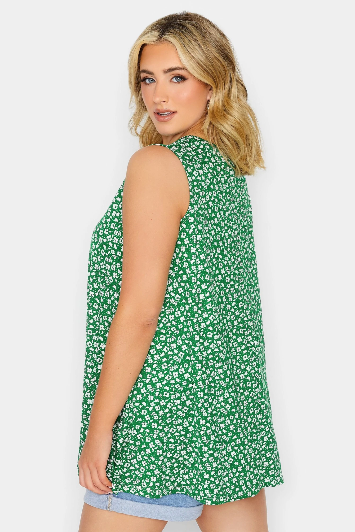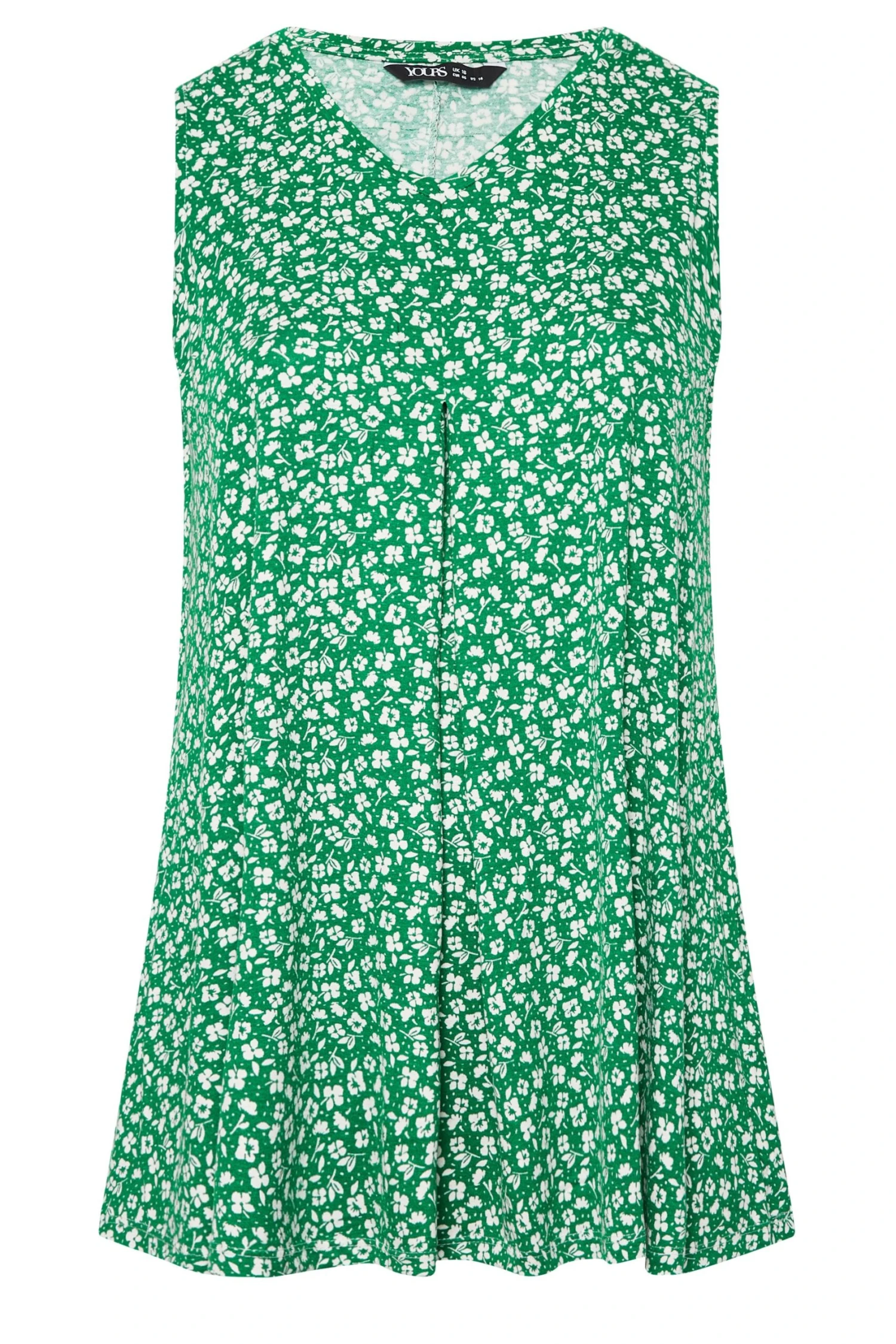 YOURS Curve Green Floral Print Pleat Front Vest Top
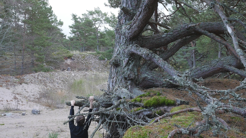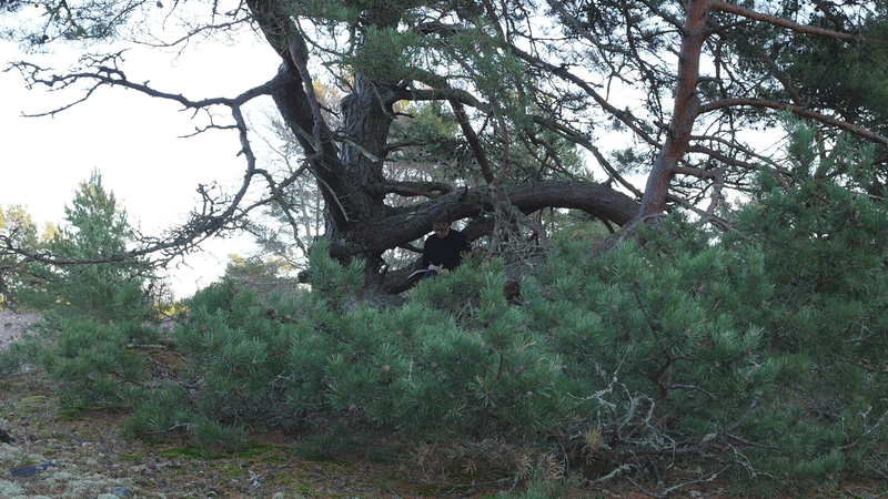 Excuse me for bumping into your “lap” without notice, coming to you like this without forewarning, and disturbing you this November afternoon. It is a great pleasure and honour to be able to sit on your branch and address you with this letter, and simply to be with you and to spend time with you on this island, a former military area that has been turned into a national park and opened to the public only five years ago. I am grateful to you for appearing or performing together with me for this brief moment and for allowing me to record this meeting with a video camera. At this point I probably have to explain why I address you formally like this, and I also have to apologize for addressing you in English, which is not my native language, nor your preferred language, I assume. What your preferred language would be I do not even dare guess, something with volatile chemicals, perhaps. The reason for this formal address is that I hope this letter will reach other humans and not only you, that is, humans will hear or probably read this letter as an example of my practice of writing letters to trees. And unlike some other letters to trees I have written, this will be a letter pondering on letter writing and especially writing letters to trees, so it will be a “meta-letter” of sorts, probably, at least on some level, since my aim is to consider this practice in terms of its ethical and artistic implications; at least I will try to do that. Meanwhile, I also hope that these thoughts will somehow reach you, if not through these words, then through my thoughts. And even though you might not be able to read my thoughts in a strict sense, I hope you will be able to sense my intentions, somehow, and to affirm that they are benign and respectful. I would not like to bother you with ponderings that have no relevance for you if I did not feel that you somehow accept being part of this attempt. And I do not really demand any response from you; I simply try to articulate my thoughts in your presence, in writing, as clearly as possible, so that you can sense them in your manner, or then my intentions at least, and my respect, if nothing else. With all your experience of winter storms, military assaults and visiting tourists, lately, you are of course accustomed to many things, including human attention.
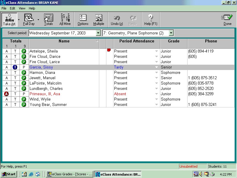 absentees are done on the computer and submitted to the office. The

——

The whole listing above, minus its pictures, is what you should write out word for word.

● Result of this task
 YOURS Curve Green Floral Print Pleat Front Vest Top
 Excuse me for bumping into your “lap” without notice, coming to you like this without forewarning, and disturbing you this November afternoon. It is a great pleasure and honour to be able to sit on your branch and address you with this letter, and simply to be with you and to spend time with you on this island, a former military area that has been turned into a national park and opened to the public only five years ago. I am grateful to you for appearing or performing together with me for this brief moment and for allowing me to record this meeting with a video camera. At this point I probably have to explain why I address you formally like this, and I also have to apologize for addressing you in English, which is not my native language, nor your preferred language, I assume. What your preferred language would be I do not even dare guess, something with volatile chemicals, perhaps. The reason for this formal address is that I hope this letter will reach other humans and not only you, that is, humans will hear or probably read this letter as an example of my practice of writing letters to trees. And unlike some other letters to trees I have written, this will be a letter pondering on letter writing and especially writing letters to trees, so it will be a “meta-letter” of sorts, probably, at least on some level, since my aim is to consider this practice in terms of its ethical and artistic implications; at least I will try to do that. Meanwhile, I also hope that these thoughts will somehow reach you, if not through these words, then through my thoughts. And even though you might not be able to read my thoughts in a strict sense, I hope you will be able to sense my intentions, somehow, and to affirm that they are benign and respectful. I would not like to bother you with ponderings that have no relevance for you if I did not feel that you somehow accept being part of this attempt. And I do not really demand any response from you; I simply try to articulate my thoughts in your presence, in writing, as clearly as possible, so that you can sense them in your manner, or then my intentions at least, and my respect, if nothing else. With all your experience of winter storms, military assaults and visiting tourists, lately, you are of course accustomed to many things, including human attention.
 absentees are done on the computer and submitted to the office. The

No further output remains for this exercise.